I raised the same question with Armenian friends in New York, where I live. Many waxed nostalgic for their grandmothers’ lahmajun, a spicy pizza-like snack on paper-thin dough, spread with a fine puree of lamb, tomato, pepper, and onion, crisp at the edges but chewy in the middle. One young woman I know hosted parties with Armenian girlfriends where they rolled dolma and yalanji—varieties of stuffed grape leaves—for hours on end. Others spoke of kufte, a croquette of cracked wheat filled with ground meat, onions, raisins, and pine nuts. I recalled the festive Armenian gatherings of my childhood where we would cook a penny or a dime into the center of just one kufte, and whoever discovered it in their portion would have good luck. And wherever there was kufte there was sure to be manti, perhaps the ideal comfort food: a big bowl of tiny, crusty meat dumplings drizzled with yogurt and a peppery tomato sauce.

But my investigations also engendered a sense of futility. After all, the menu of any Middle Eastern restaurant—Turkish, Lebanese, Persian, Syrian, Georgian—listed nearly all the same dishes, and the partisans of those regions had just as many fond memories to bolster their claims.

When it comes to defining Armenian food, part of the problem is obvious: For much of their history, Armenians have been a people without a country. The Armenian Kingdom reached the height of its power in the first century BC, when it stretched from Syria to the present Azerbaijan. But centuries of conquest followed—Byzantine, Persian, Ottoman, and Russian—and Armenians adapted to survive. They maintained their unique language as well as their religion, in spite of being surrounded by Muslim neighbors. But by 1991, when the Soviet Union collapsed and the now-tiny Armenian Republic regained independence, more than half of the world’s Armenians were scattered around the globe.
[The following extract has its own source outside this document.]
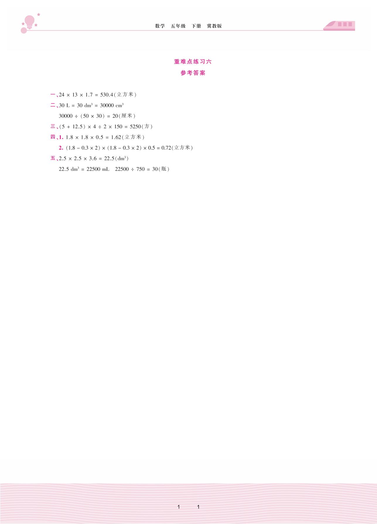 2021下册五年级数学冀教版 五 长方体和正方体的体积 2. 应用问题——重难点练习六答案
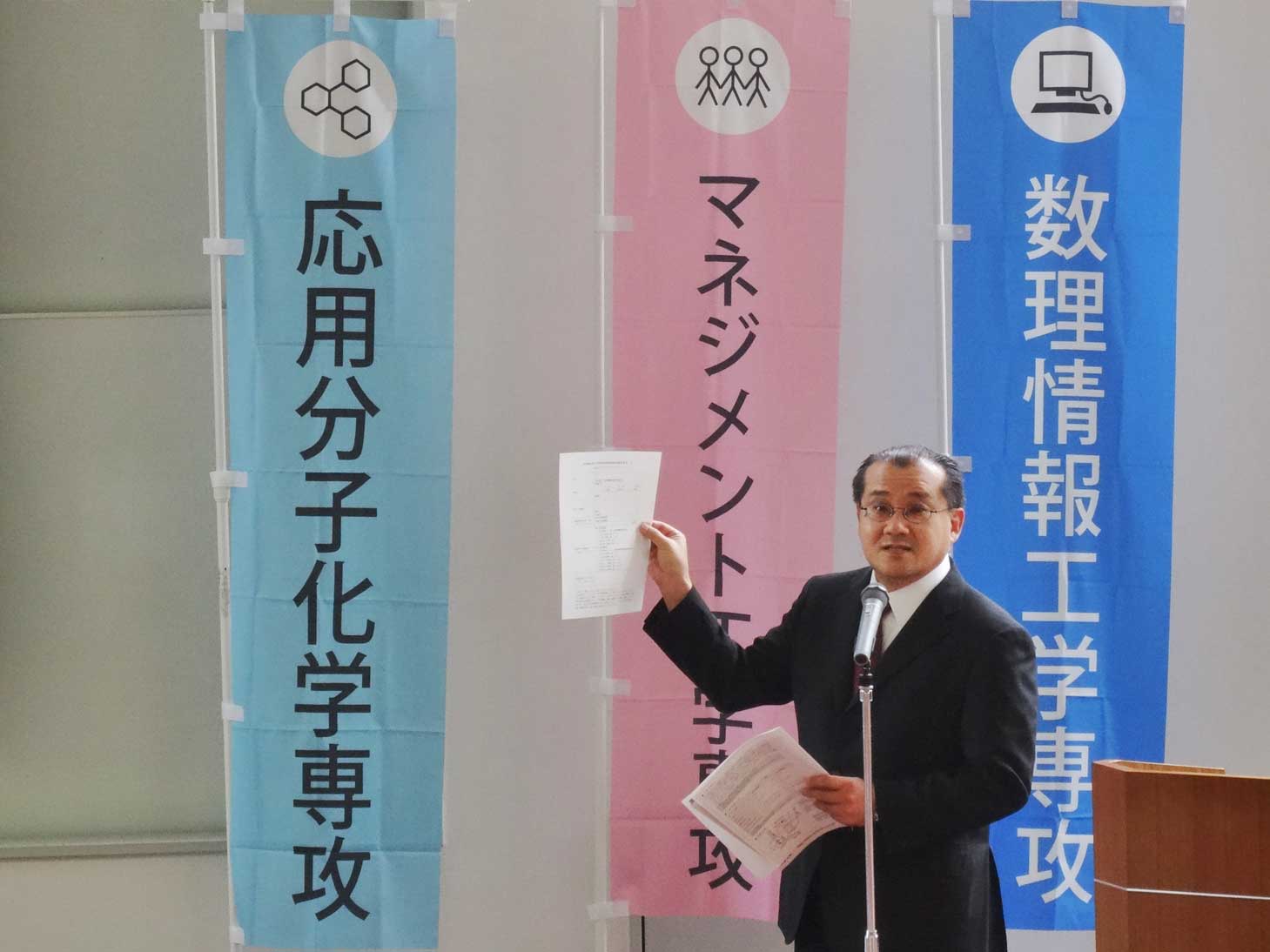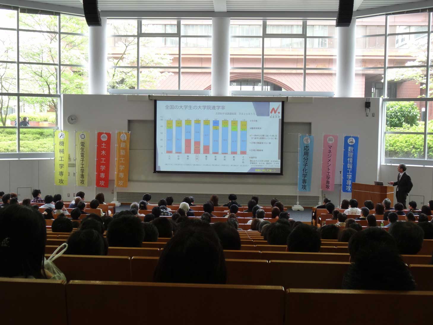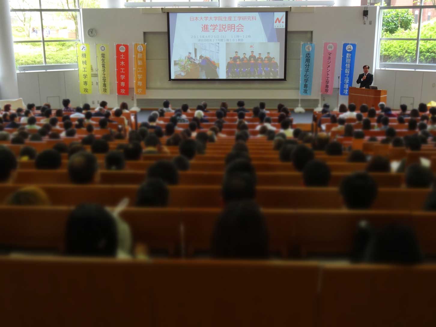 2015年4月25日,生産工学研究科では進学説明会を実施しています.在学中の学生はもちろんのこと,海外からの留学生も参加されているようで,会場は満席です.生産工学研究科・数理情報工学専攻では今年も多くの大学院生を募集します!

Many Armenians in the diaspora have roots in Turkey, as descendants of survivors of the 1915 genocide in which the Ottoman-Turkish government attempted to massacre or deport its Ottoman-Armenian population. These survivors often ended up in Lebanon or Syria. Later, many resettled in the United States. One of the largest Armenian communities grew in Water-town, Massachusetts, where Armenian grandmothers still round up orders for batches of lahmajun after church.